Sustainable Solutions: Earth Architects & Architecture
One billion people live in abject poverty. Four billion live in fragile but growing economies. One in seven people live in slum settlements. By 2020 it will be one in three. We don't need to choose between architecture or revolution. What we need is an architectural revolution.
The U.N. Millennium Development Goals aim to "achieve improvement in the lives of 100 million slum dwellers by the year 2015." Reaching this goal will require a profoundly new approach to improving the built environment.
This topic area will organize and showcase our Architects, and architecture we believe can meet the U.N. Goal. We start with those we have personal experience with including Steven Travis, Nader Khalili, and Lloyd Turner. Additional architects will also be added as appropriate, starting of course with Buckminister Fuller.
An excellent source of information is the Open Architecture Network; an online, open source community dedicated to improving living conditions through innovative and sustainable design.
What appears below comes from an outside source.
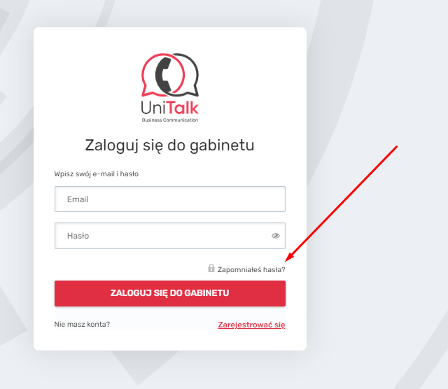 Jeśli zapomniałeś hasła umożliwiającego wejście na specjalne konto UniTalk, podczas logowania musisz wybrać: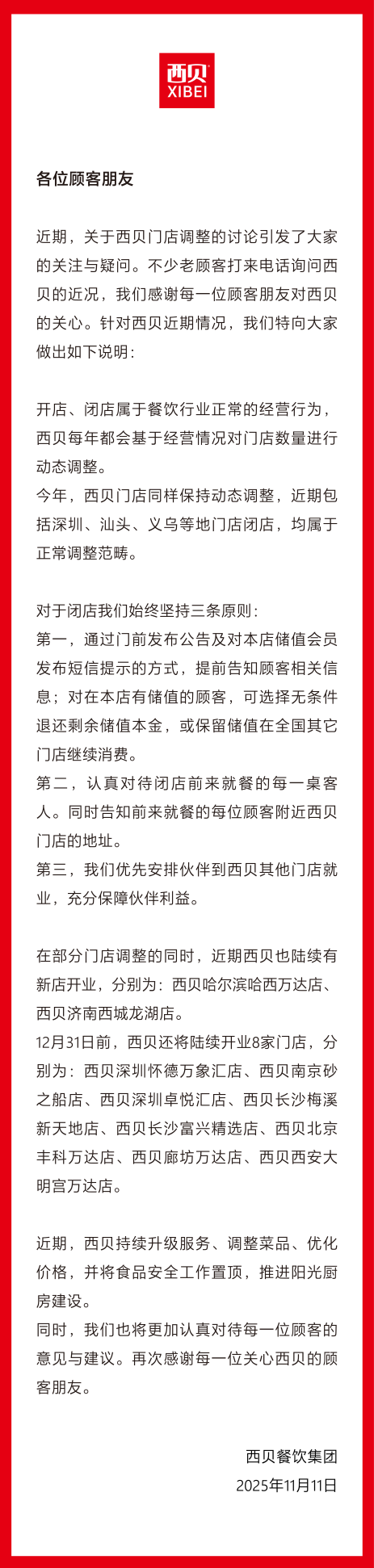 西貝辟謠:門(mén)店正常動(dòng)態(tài)調(diào)整,年底前再開(kāi)8家門(mén)店

Users can:
• Share their ideas, designs and plans
• View and review designs posted by others
• Collaborate with each other, people in other professions and community leaders to address specific design challenges
• Manage design projects from concept to implementation
• Communicate easily amongst team members
• Protect their intellectual property rights using the Creative Commons "some rights reserved" licensing system and be shielded from unwarranted liability
• Build a more sustainable future
The Open Architecture Network is the brainchild of Architecture for Humanity and the designers who volunteer through their local chapters. It grew out of the collective frustration in sharing ideas and trying to work together to address shelter needs after disaster.
Sun Microsystems, Hot Studio, Creative Commons, AMD and other partners joined Architecture for Humanity in realizing this ambitious undertaking, and at this year's TED conference, together they launched a beta version of the Open Architecture Network: the first site to offer open source architectural plans and blueprints on the web.